In the 1980s, the private sector ethos thrived largely because of the crumbling of the most visible and flawed example of the over-engineered public sector — the communist states of Eastern Europe. Suddenly the private sector was seen not merely as a social good — it was seen as the engine for all other social goods.

Underneath their ideologies the two sectors worked quietly together to conduct their respective businesses.

But since the 1980s, there has been change in the relationship between the two sectors. The most obvious and traumatic practical application has been privatization.

Privatization is not inherently good or bad, nor is the trauma it causes always regrettable. Shock therapy sometimes helps the patient. But the HR manager should understand privatization and work within it to preserve viable workforces.
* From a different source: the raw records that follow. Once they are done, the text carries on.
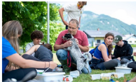
DP students collecting data at the stream

“SOMEWHERE, SOMETHING INCREDIBLE IS WAITING TO BE KNOWN.” - Carl Sagan
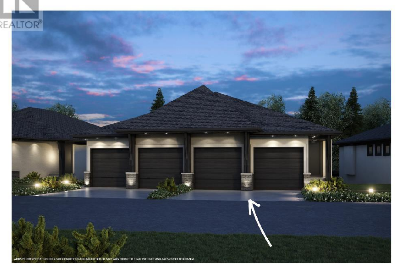
© Plans and selections depicted are subject to change and are copyrighted property of Lupi Luxury Homes.
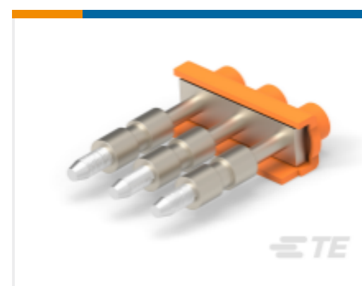
TE Part #1SNK908903R0000 JB8-3-R1
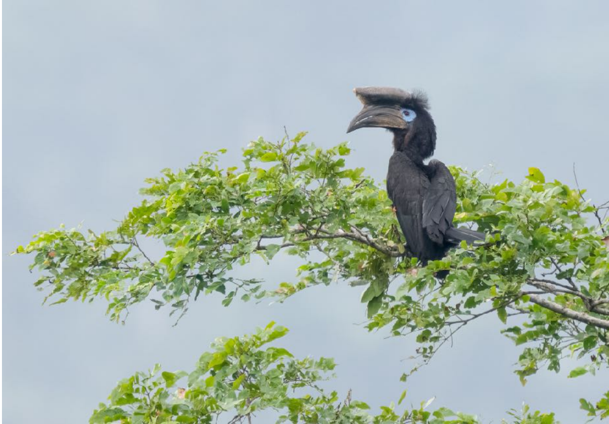
Black-casqued Hornbill - Photo by Guide: Ben Knot

Once we completed our morning here, we ventured back towards the hotel for lunch and our mid-afternoon rest. We noted a flowering tree just across the way from Rainforest Lodge that seemed to be attracting quite a few sunbirds. Among the already seen Splendid and Copper Sunbirds , we also added Green-headed Sunbird and then a pair of Magpie Mannikin were discovered nesting nearby. A nice pick up before lunch!

The modern seed for privatization was sewn in the U.K. by Margaret Thatcher’s government, which developed a systematic program to transform Britain from a nation virtually paralyzed by public sector unions into (to quote Napoleon) a “nation of shopkeepers” again. Vast public sectors were tidied up for sale to the private sector. This produced a nation more adept at global competition, but some argue it also produced two nations economically and socially: a rich, optimistic south and an impoverished, bleak north.
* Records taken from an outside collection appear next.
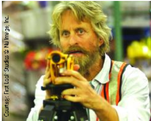
Michael Douglas in "King of California." This year's festival paid special tribute to Douglas's career

Actresses Sigourney Weaver, Ida Lupino and award-winning director Sidney Lumet also received special tributes during the festival.
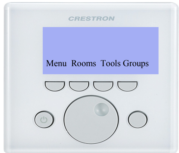
If you press the Other button the above options appear
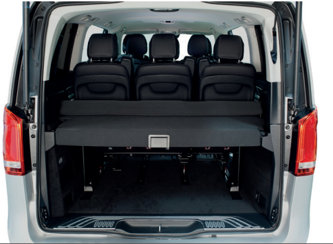
Luggage room divider/bed extender installed in car

Thatcher’s privatization initiatives attracted attention among the resurgent Republicans of the United States, and privatization embedded itself in the policies of international lending agencies like the International Monetary Fund and the World Bank.

Canada remained largely isolated from the tide of privatization until recently. Today its chief banner-bearers are governments in Ontario and Alberta.

Privatization, in Canada as elsewhere, takes several forms:

Deregulation: Removing government legislation and regulation that hamper the private sector’s ability to do business. This does not transfer assets from the public to the private sector, but it gives the private sector greater scope within its traditional sphere.

Competition: The removal of state-sanctioned monopolies. Few such monopolies have existed in Canada compared to other jurisdictions, but alcohol sales and the generation and distribution of electricity have been the most obvious monopolies. Several Canadian provinces are in the throes of introducing competition into the electricity sector. Ontario, for instance, has split the behemoth Ontario Hydro into parts, and one part will compete with private sector firms to generate and sell electricity to middleman buyers.

Transfer: The sale of public sector organizations to the private sector. Uncommon in Canada compared to other jurisdictions, it remains a possibility in sectors like electricity. Until recently the Ontario government was considering selling Ontario Hydro to the private sector.

Contracting out: This involves engaging the private sector in providing a service that had formerly been provided by the public sector. Examples are the operation of jails by the private sector, and toll highways built and operated by the private sector.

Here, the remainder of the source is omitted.